Excerpts from William Langewiesche’s American Ground

The Atlantic Monthly has been running print and online campaign for the upcoming series on cleaning up the wreckage of the World Trade Center, written by veteran war correspondent William Langewiesche. They emailed subscribers a PDF with selections from the series today, as well as a link to an HTML version. From the two pages they excerpted, this looks like it’ll be an amazing read:

For thirty years the Twin Towers had stood above the streets as all tall buildings do, as a bomb of sorts, a repository for the prodigious energy originally required to raise so much weight so high. Now, in a single morning, in twin ten-second pulses, the towers released that energy back into New York. Massive steel beams flew through the neighborhood like gargantuan spears, penetrating subway lines and underground passages to depths of thirty feet, crushing them, rupturing water mains and gas lines, and stabbing high into the sides of nearby office towers, where they lodged.

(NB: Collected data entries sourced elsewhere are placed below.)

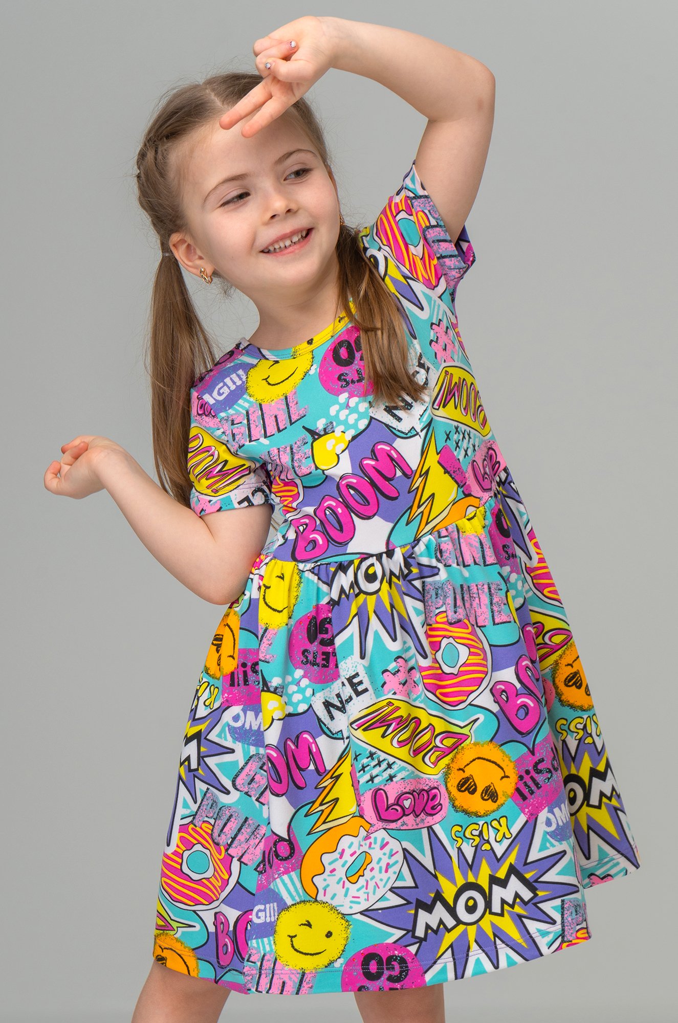 Полуприталенный свободный крой не стесняет движения активных деток. Красивый набивной рисунок не оставит равнодушной ни одну малышку.
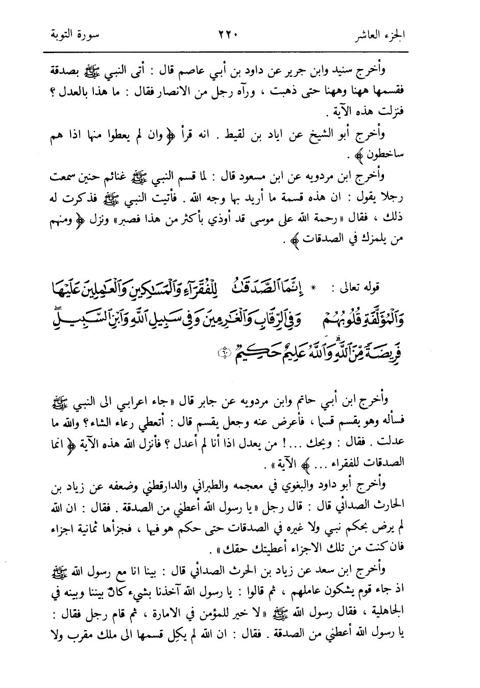 وَأخرج سنيد وَابْن جرير عَن دَاوُد بن أبي عَاصِم قَالَ: أَتَى النَّبِي صلى الله عَلَيْهِ وَسلم بِصَدقَة فَقَسمهَا هَهُنَا وَهَهُنَا حَتَّى ذهبت وَرَآهُ رجل من الْأَنْصَار فَقَالَ: مَا هَذَا بِالْعَدْلِ فَنزلت هَذِه الْآيَة
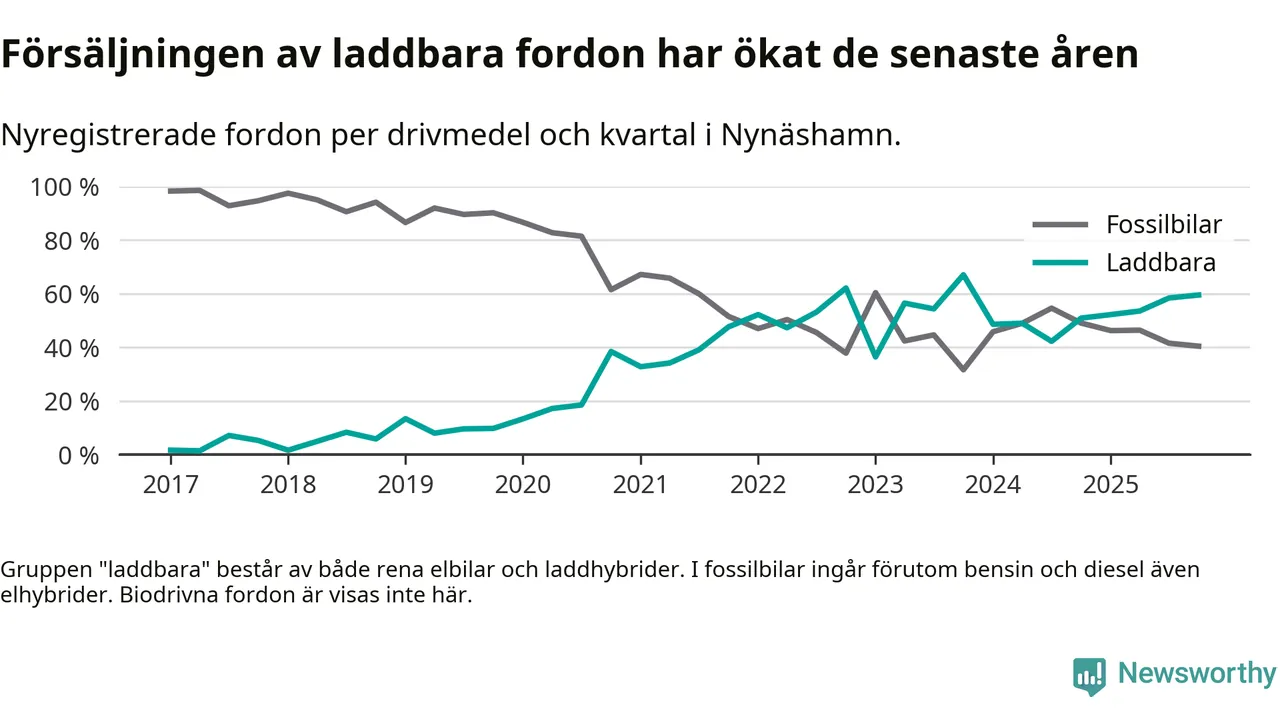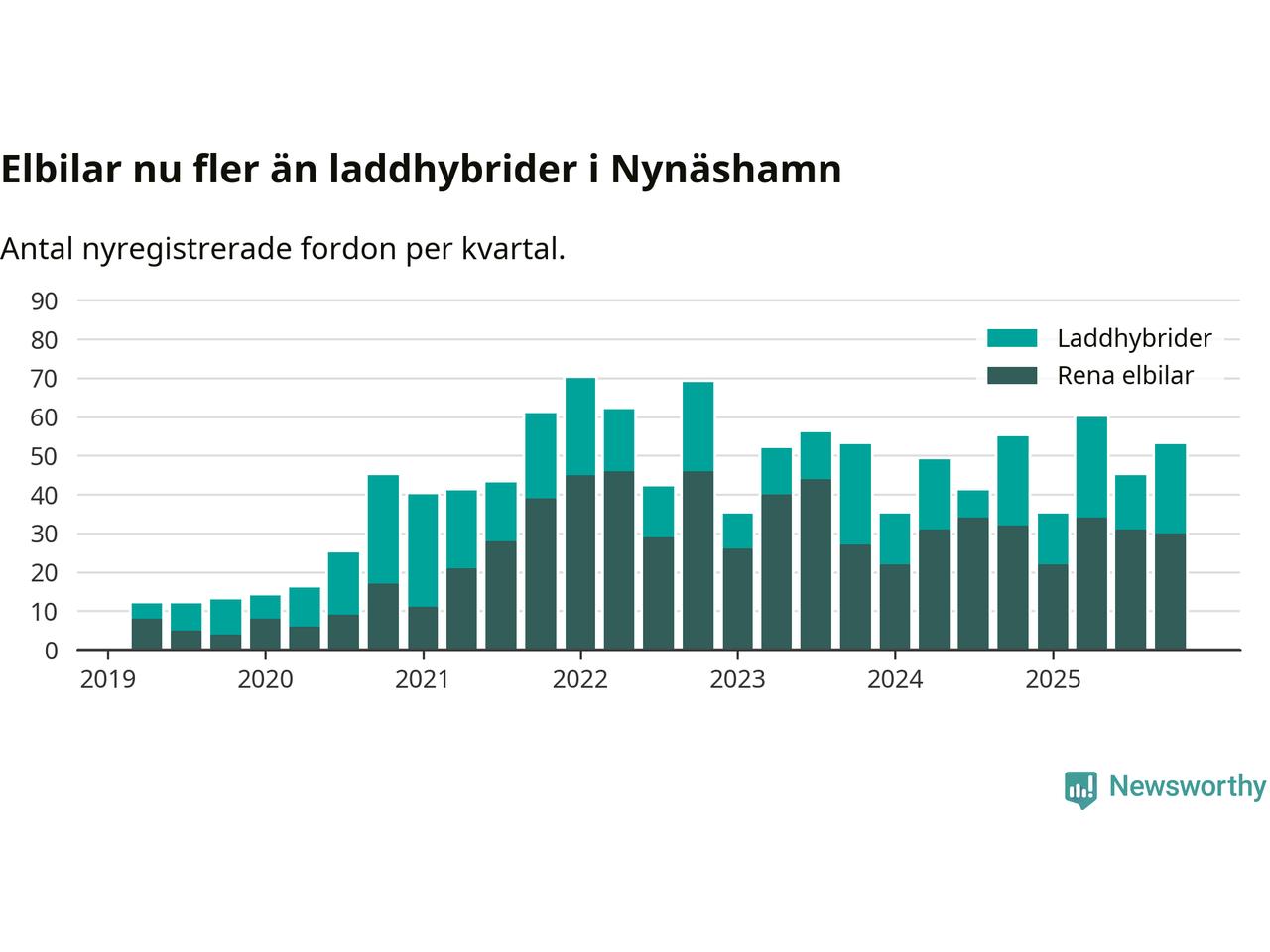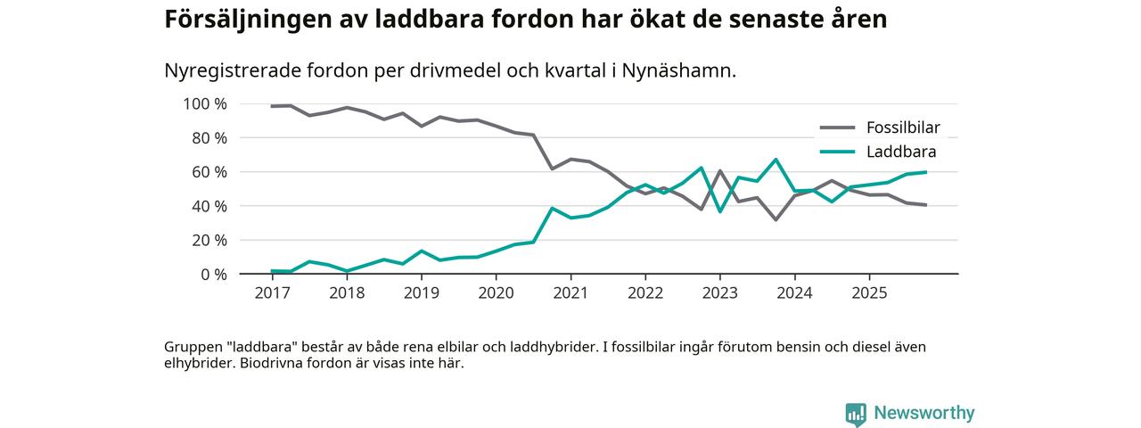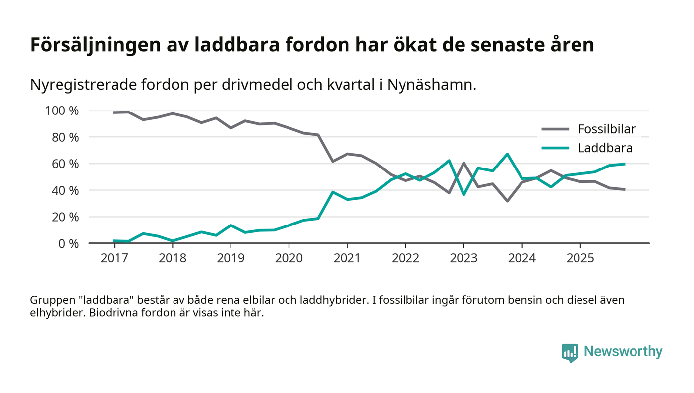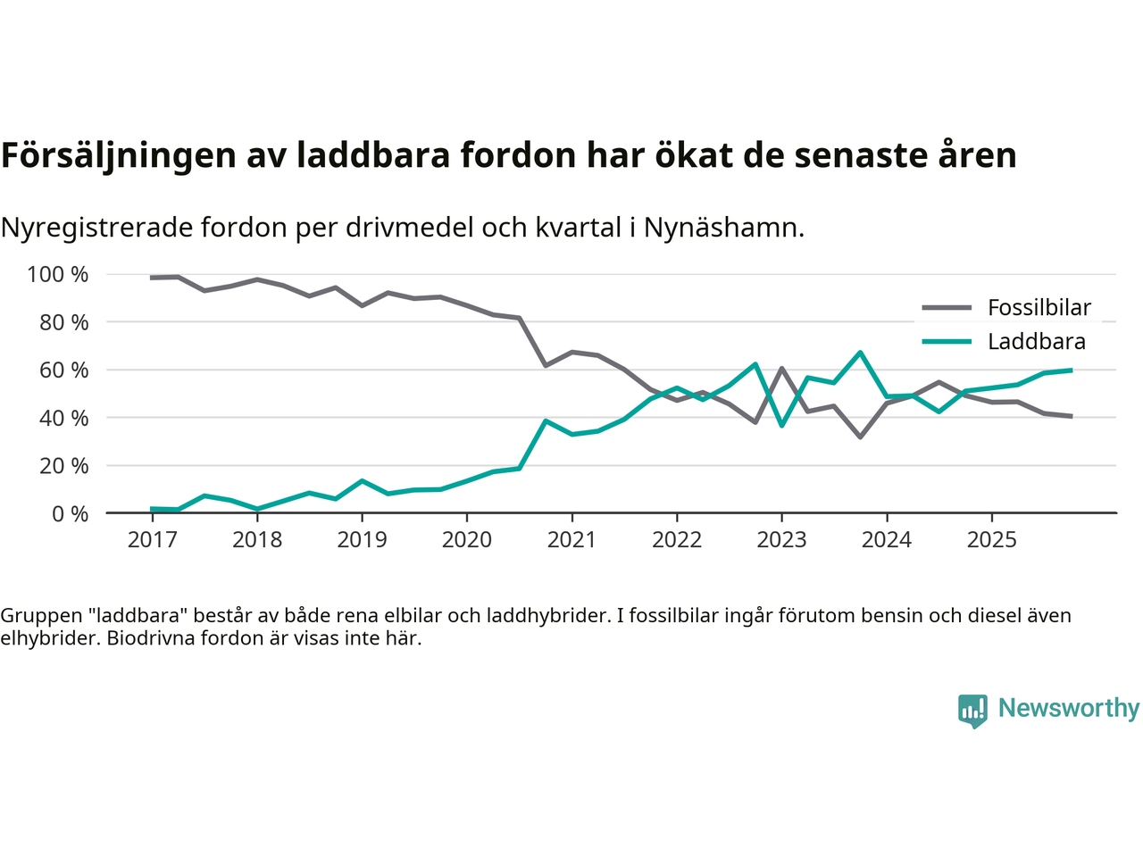 Under fjärde kvartalet 2025 var 60 procent av alla nyregistrerade personbilar i Nynäshamn laddbara (sammanlagt registrerades 89 nya bilar). Merparten av de laddbara bilarna var rena elbilar (34 procent av alla).
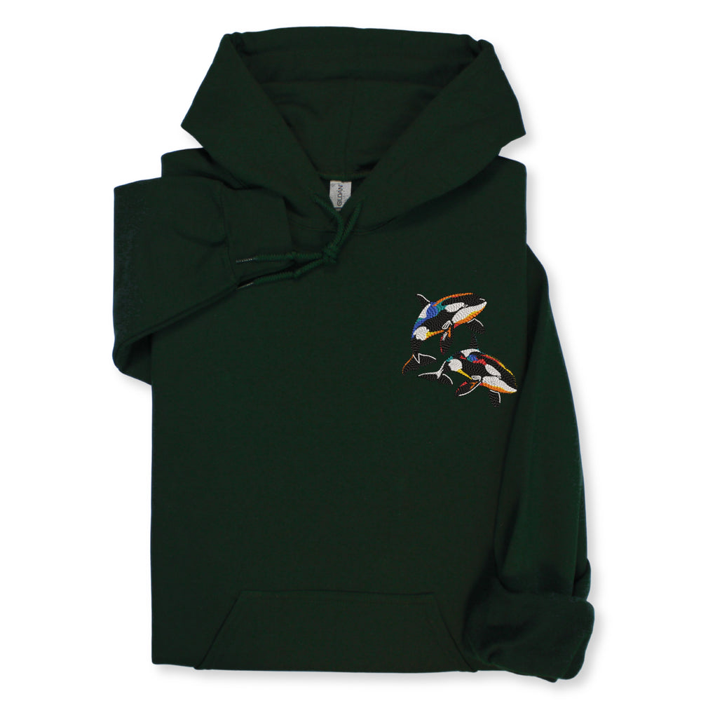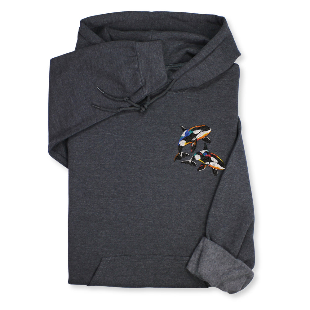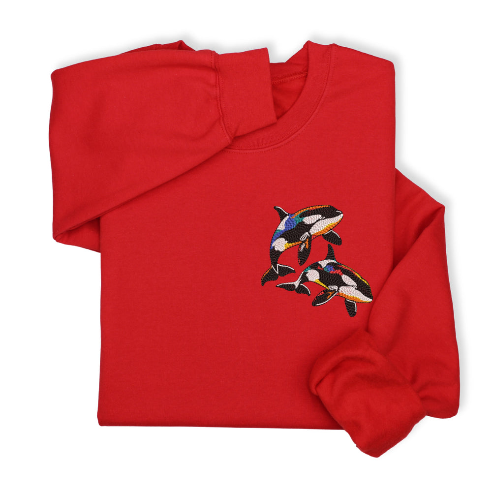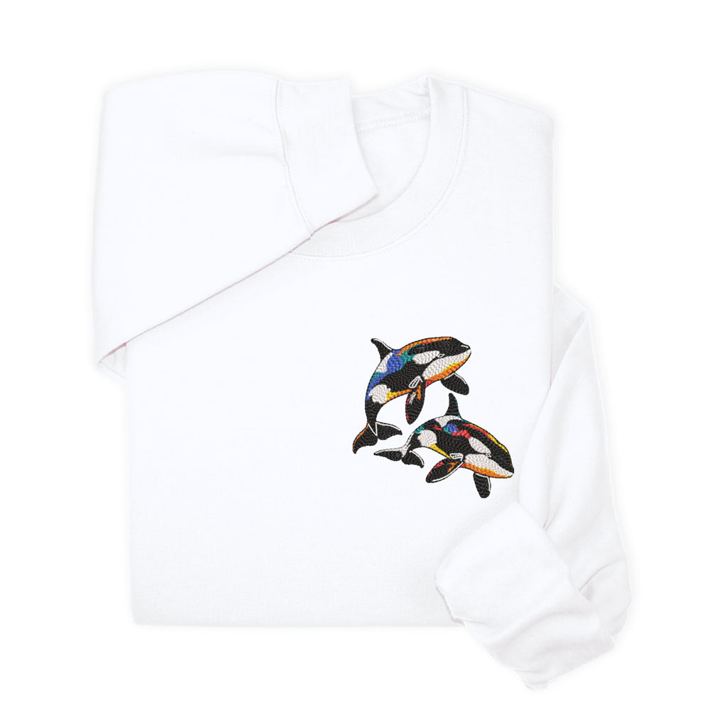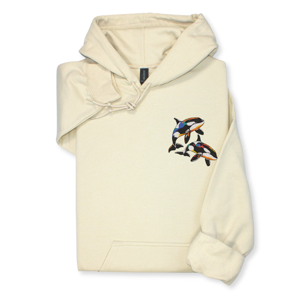 A cozy sweatshirt or hoodie with colorful orca embroidery — perfect for:

They went out in single file. Lombardi found himself on a sidewalk, but otherwise noticed no change from the conditions that had existed inside. He lost track of his companions and walked down the street in confusion. He remembered the roar, and again thought of the bombing in 1993: had something gone off in the underground? He passed the south pedestrian bridge, which he recognized, and headed south on West Street. He had a scratch on his forehead that was bleeding. People came up to him offering help, and someone gave him some water. Finally he got far enough away to look back. He saw the North Tower standing, but not the South. He thought, “Wait a minute. The North Tower is there. I know the North Tower is there. But what happened to the South?” It was confounding, and he could not conceive of an answer. He was an engineer, but human, too. He walked on for a while, until for the second time that day he heard a roar. He stopped and turned and watched in disbelief as the North Tower fell.